▸ **Assigned task**
Each line from the one containing "Über die Weinberge" to the end of the entries below is to be set down exactly; the pictures are not.

▸ **Extracted material**
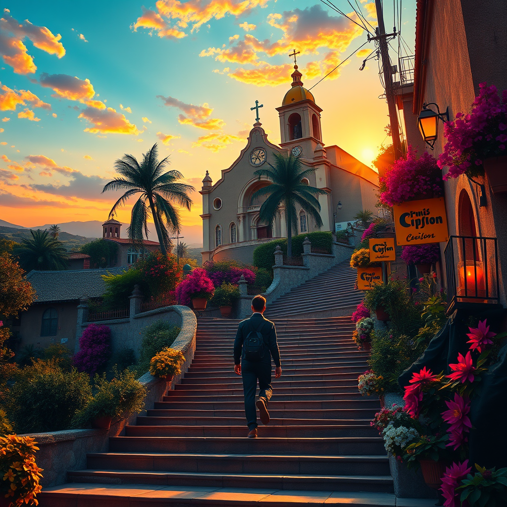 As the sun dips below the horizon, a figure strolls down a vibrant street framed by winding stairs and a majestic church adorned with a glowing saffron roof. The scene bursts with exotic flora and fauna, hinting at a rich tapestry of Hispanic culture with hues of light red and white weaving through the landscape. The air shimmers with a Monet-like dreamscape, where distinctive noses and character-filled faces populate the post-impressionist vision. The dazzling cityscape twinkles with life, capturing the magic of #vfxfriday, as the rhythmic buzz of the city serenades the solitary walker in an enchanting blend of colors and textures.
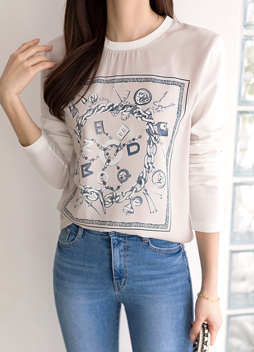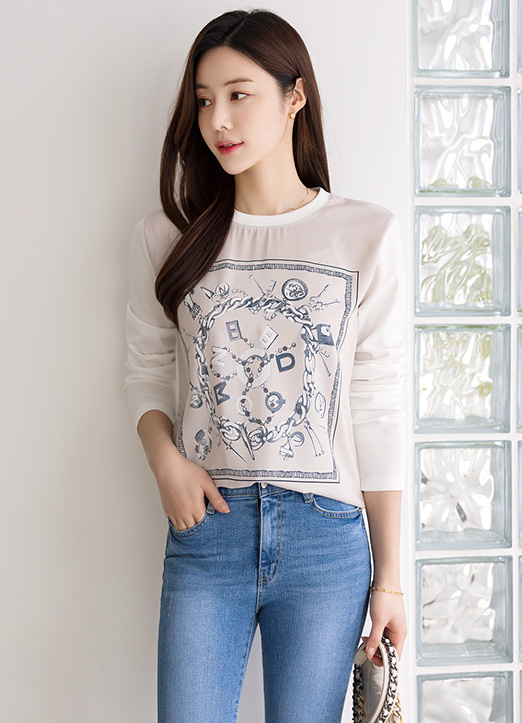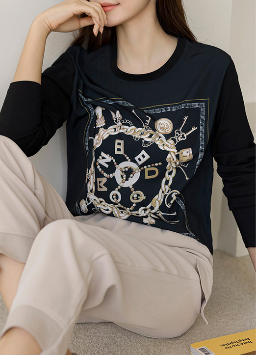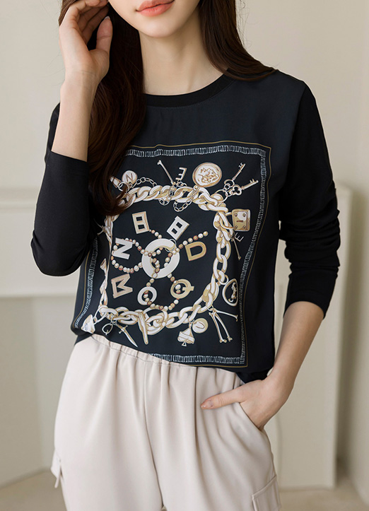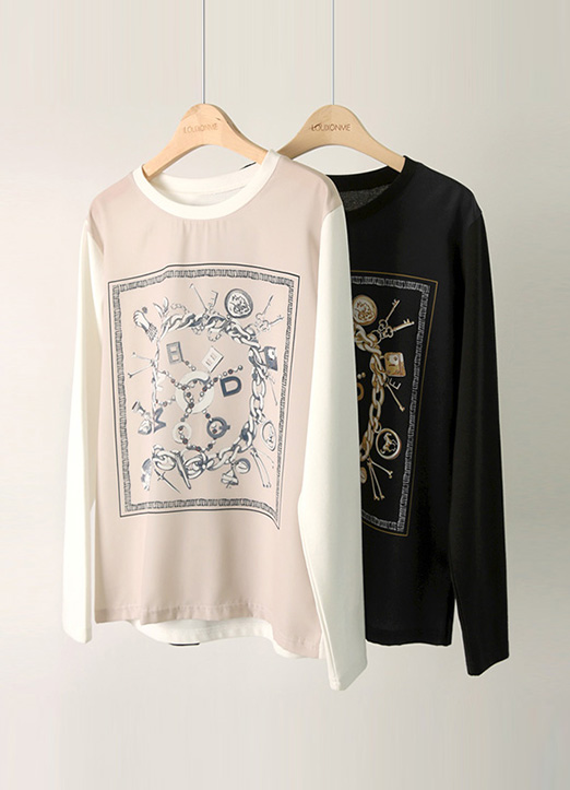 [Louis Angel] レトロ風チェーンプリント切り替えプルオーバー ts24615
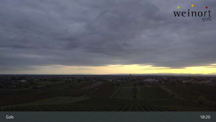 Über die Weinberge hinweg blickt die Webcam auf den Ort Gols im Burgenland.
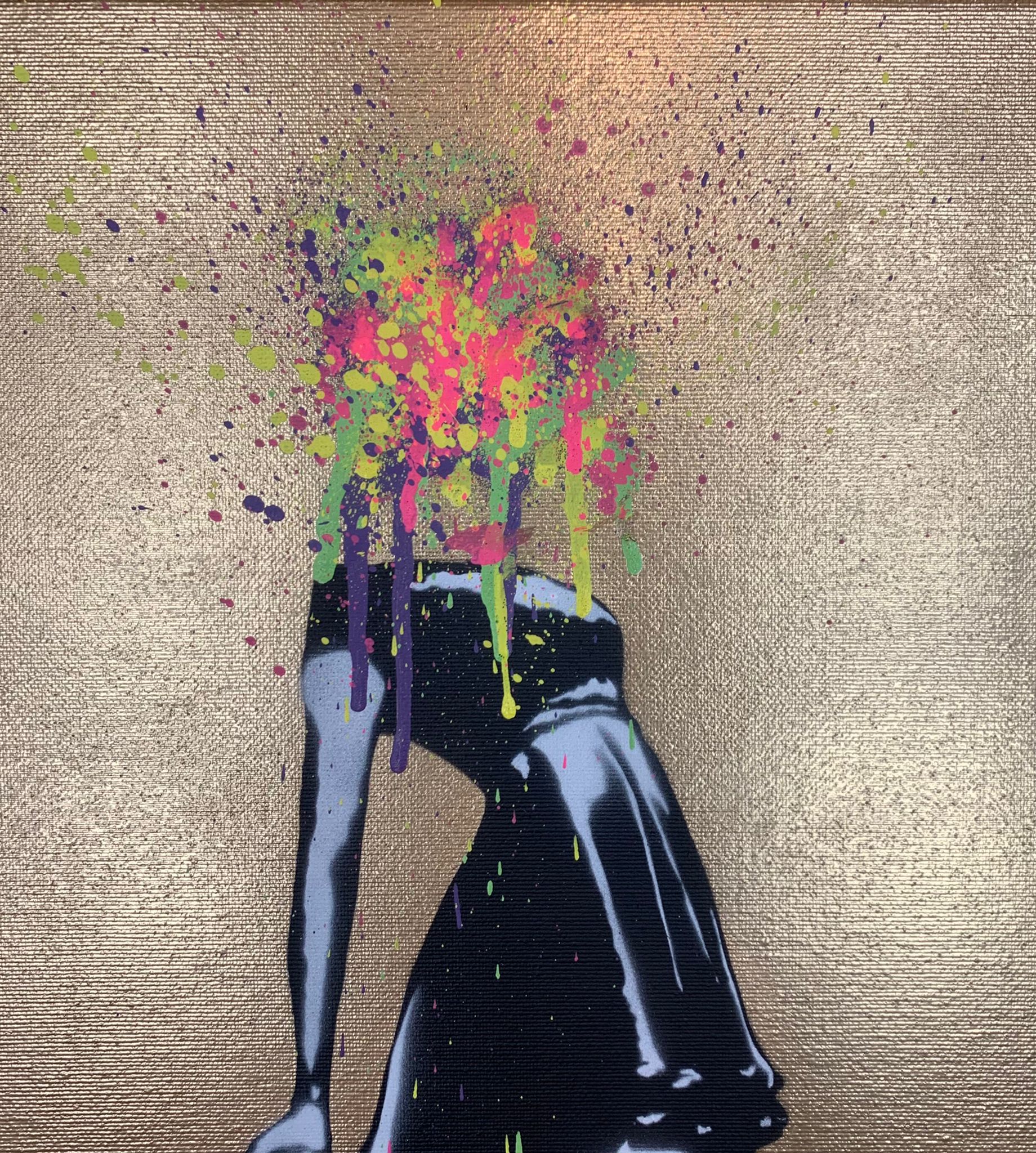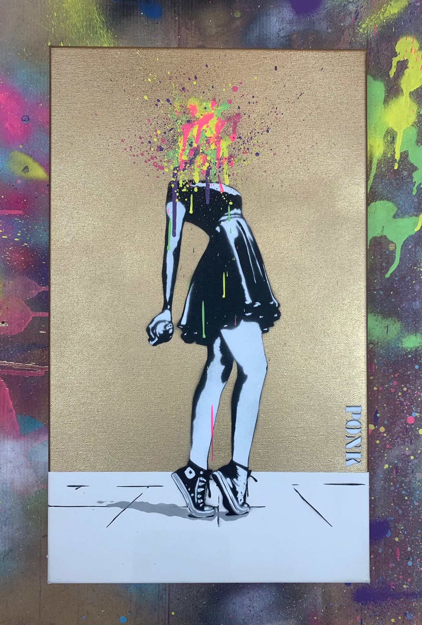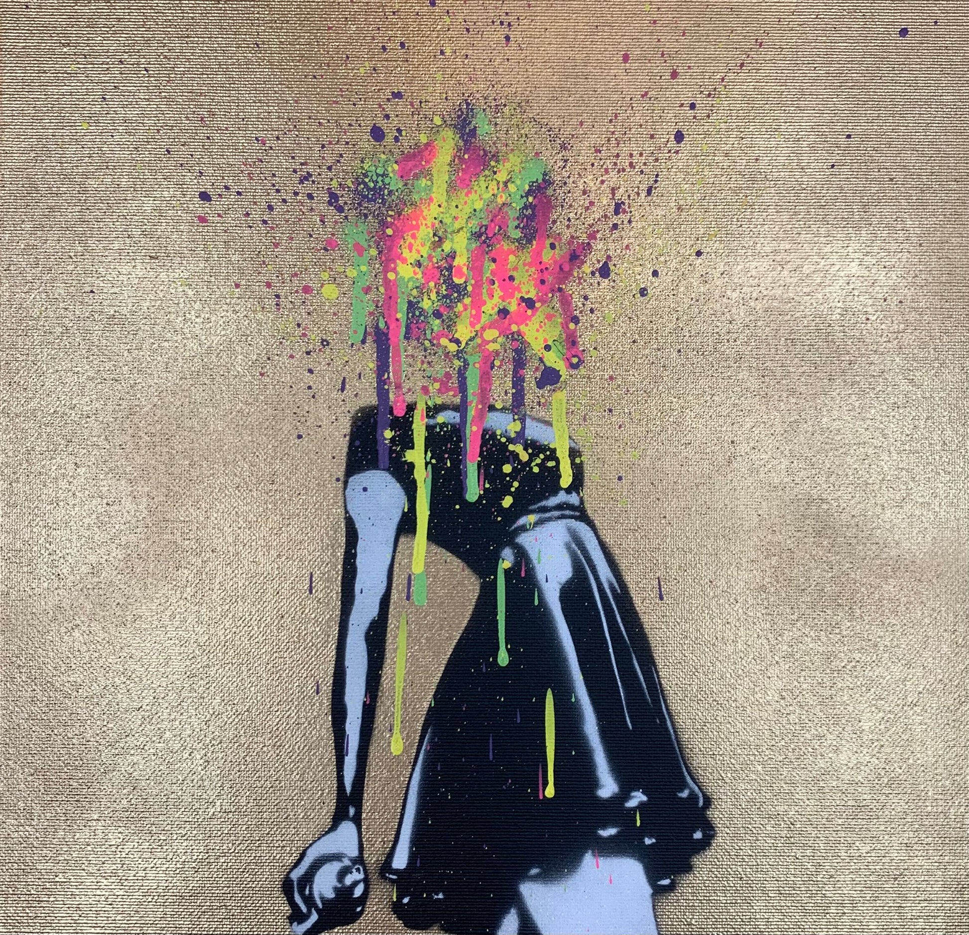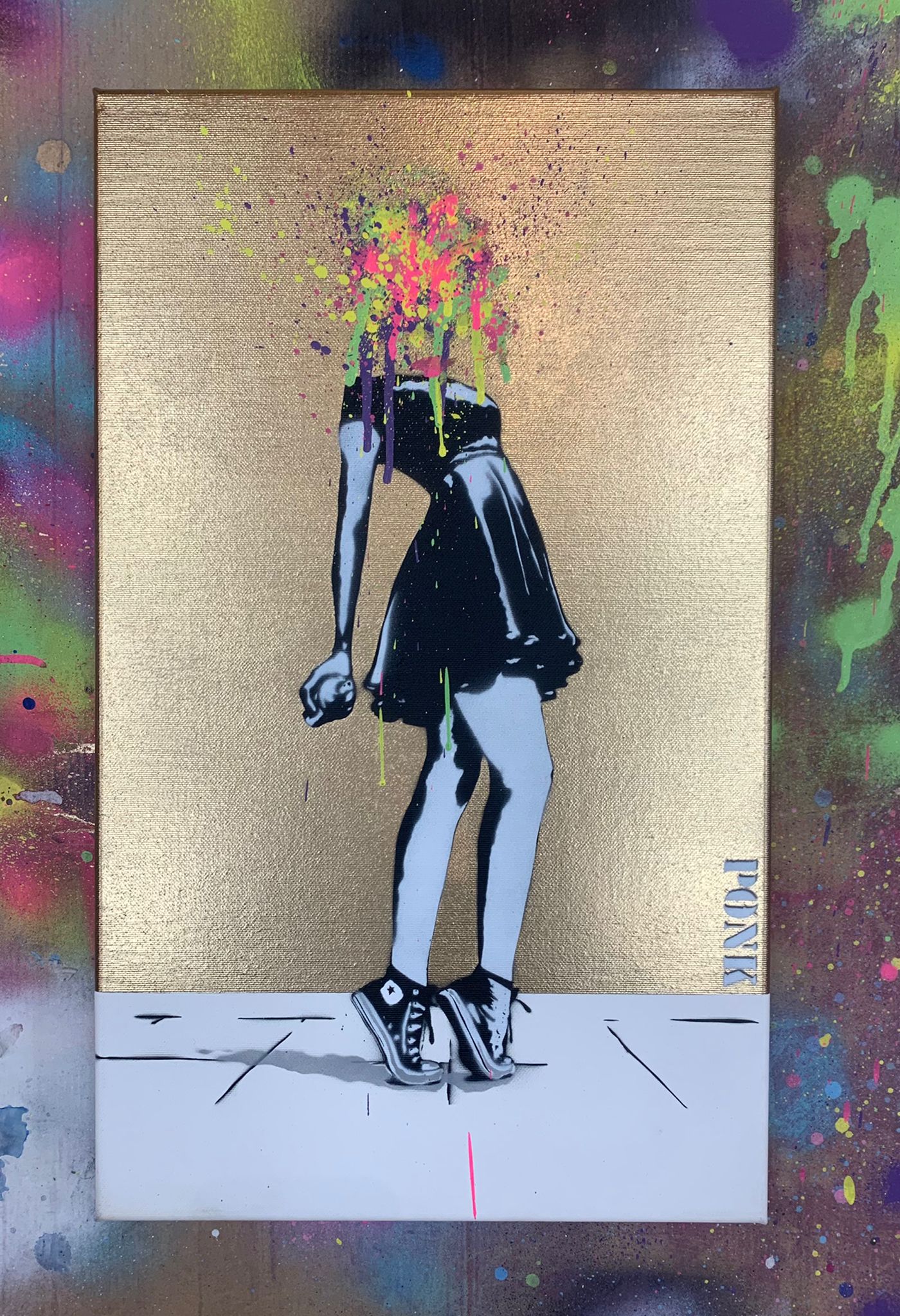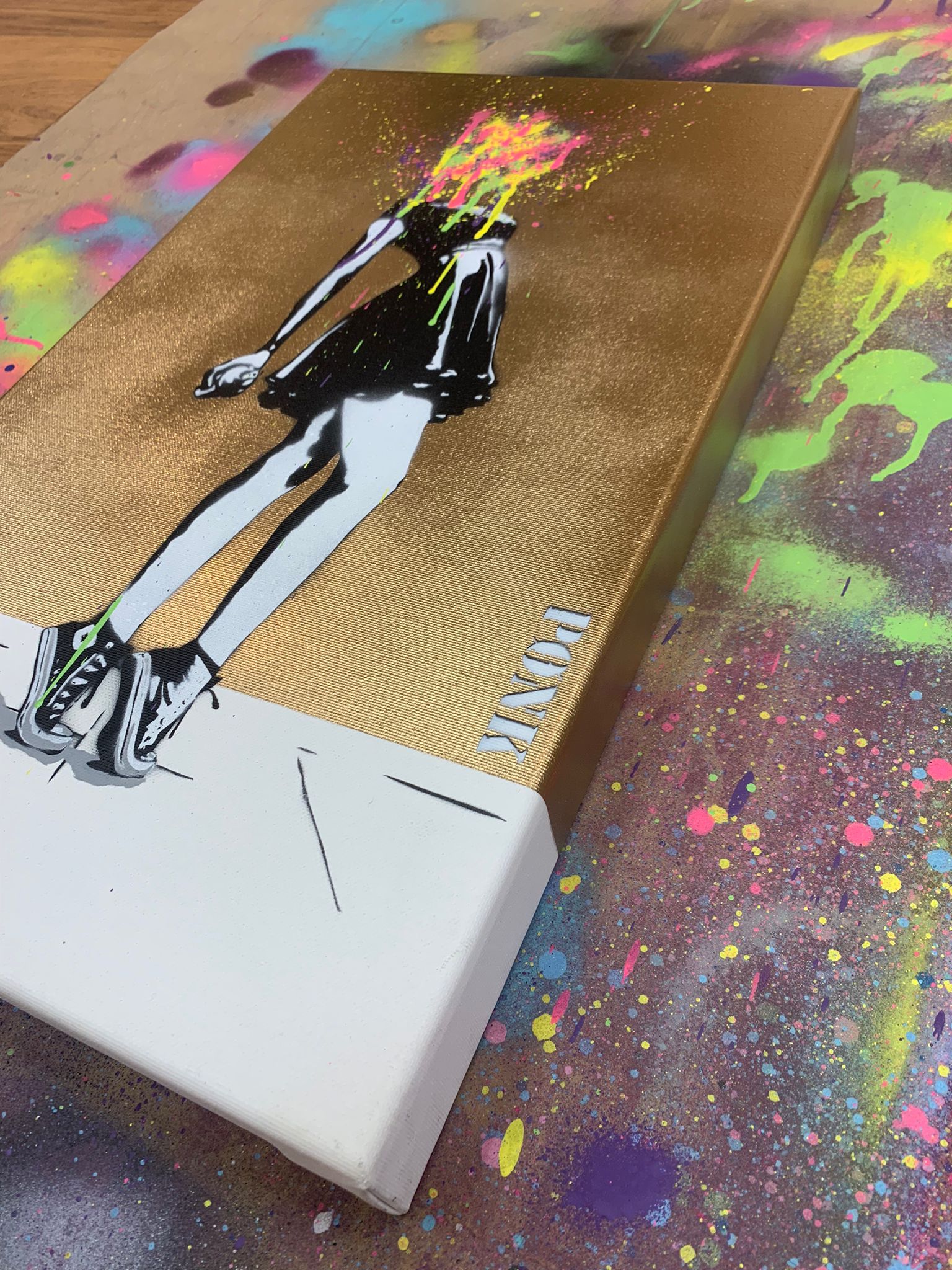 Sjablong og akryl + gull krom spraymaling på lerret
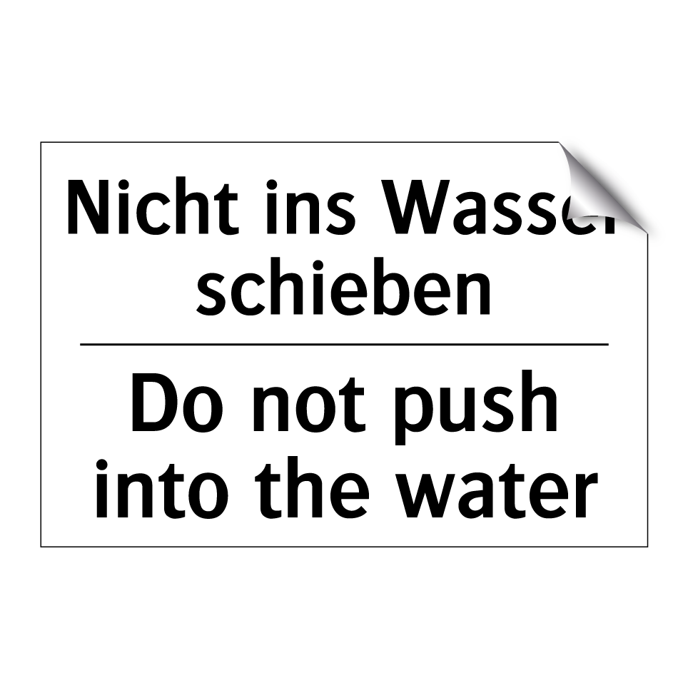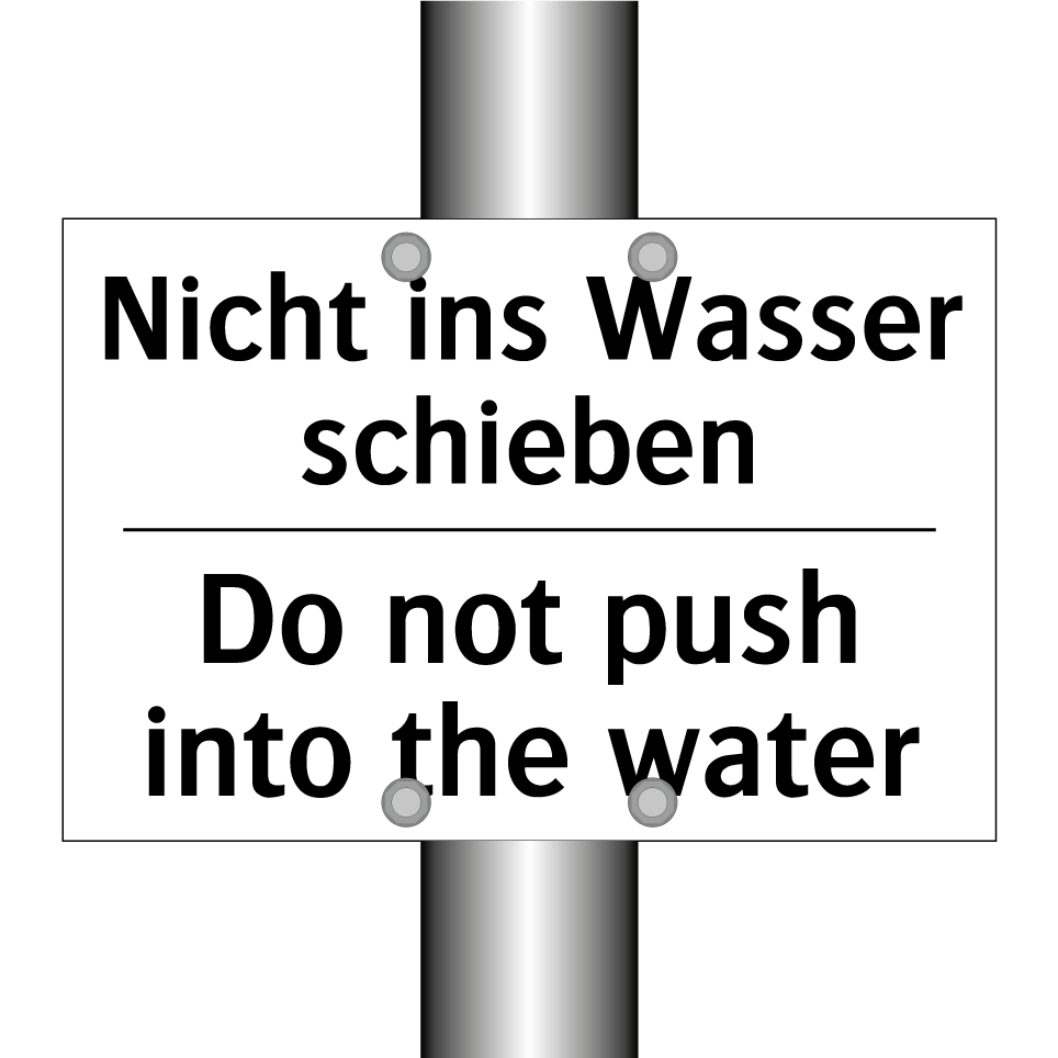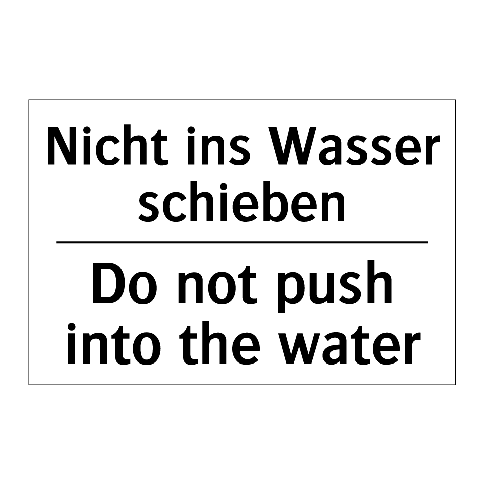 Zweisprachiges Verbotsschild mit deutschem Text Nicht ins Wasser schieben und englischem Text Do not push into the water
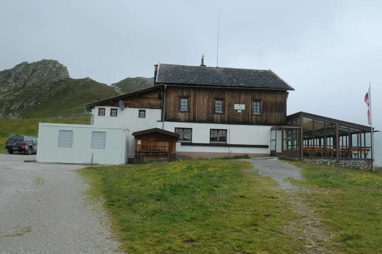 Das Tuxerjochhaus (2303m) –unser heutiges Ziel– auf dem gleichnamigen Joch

▸ **Answer space**
 Über die Weinberge hinweg blickt die Webcam auf den Ort Gols im Burgenland.
 Sjablong og akryl + gull krom spraymaling på lerret
 Zweisprachiges Verbotsschild mit deutschem Text Nicht ins Wasser schieben und englischem Text Do not push into the water
 Das Tuxerjochhaus (2303m) –unser heutiges Ziel– auf dem gleichnamigen Joch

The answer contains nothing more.